TASK GOAL:
What is needed is the exact text of each line in the listing below from the one with "Nach dem Gottesdienst" up to and including the one with "2023年11月4日，同樂運動會舉行開幕禮，參加隊伍手持彩虹旗進場。", and no pictures.

DATA EXCERPTS:
== Segment start ==

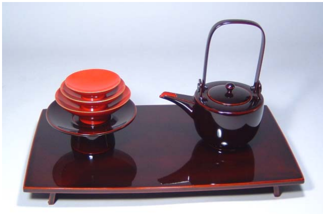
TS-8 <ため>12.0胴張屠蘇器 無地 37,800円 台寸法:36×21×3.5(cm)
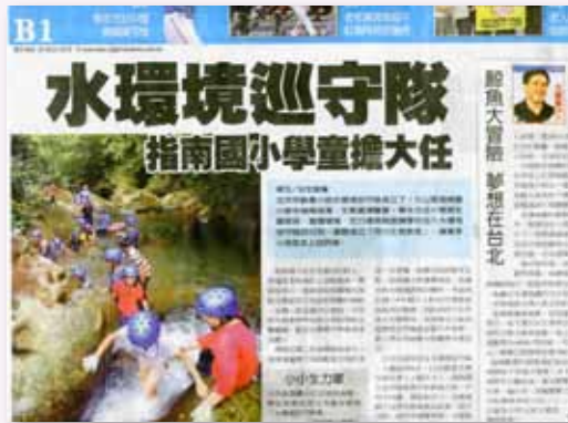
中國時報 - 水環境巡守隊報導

== Segment end ==
== Segment start ==

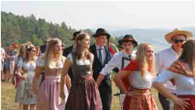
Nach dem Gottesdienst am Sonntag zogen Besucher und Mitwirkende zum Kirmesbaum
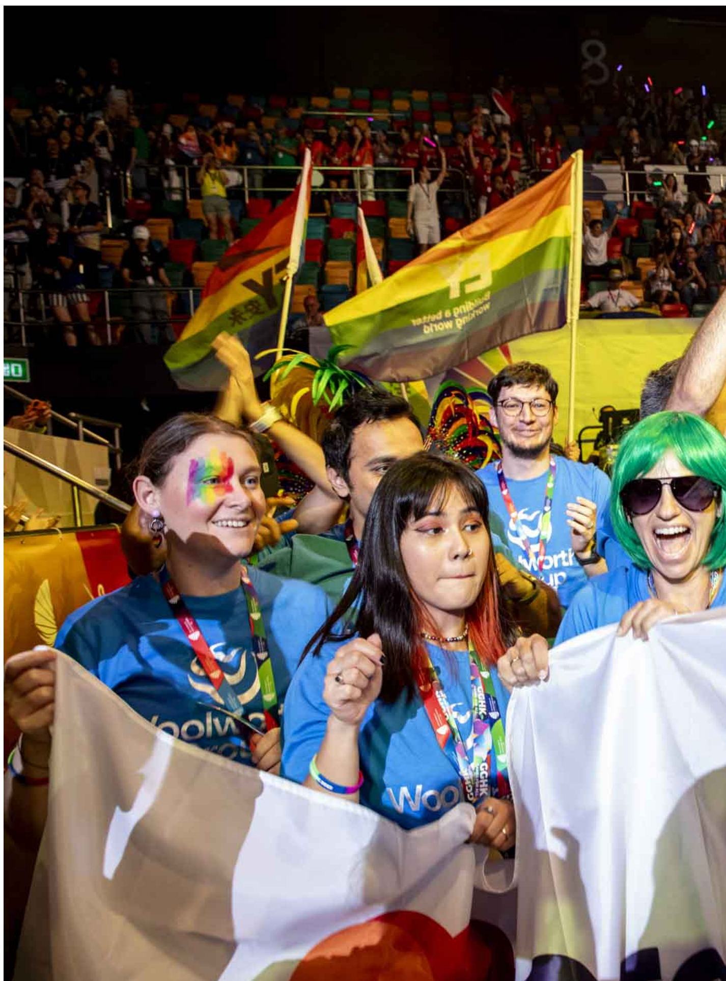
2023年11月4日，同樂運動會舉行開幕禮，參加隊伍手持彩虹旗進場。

== Segment end ==

TASK RESPONSE:
Nach dem Gottesdienst am Sonntag zogen Besucher und Mitwirkende zum Kirmesbaum
2023年11月4日，同樂運動會舉行開幕禮，參加隊伍手持彩虹旗進場。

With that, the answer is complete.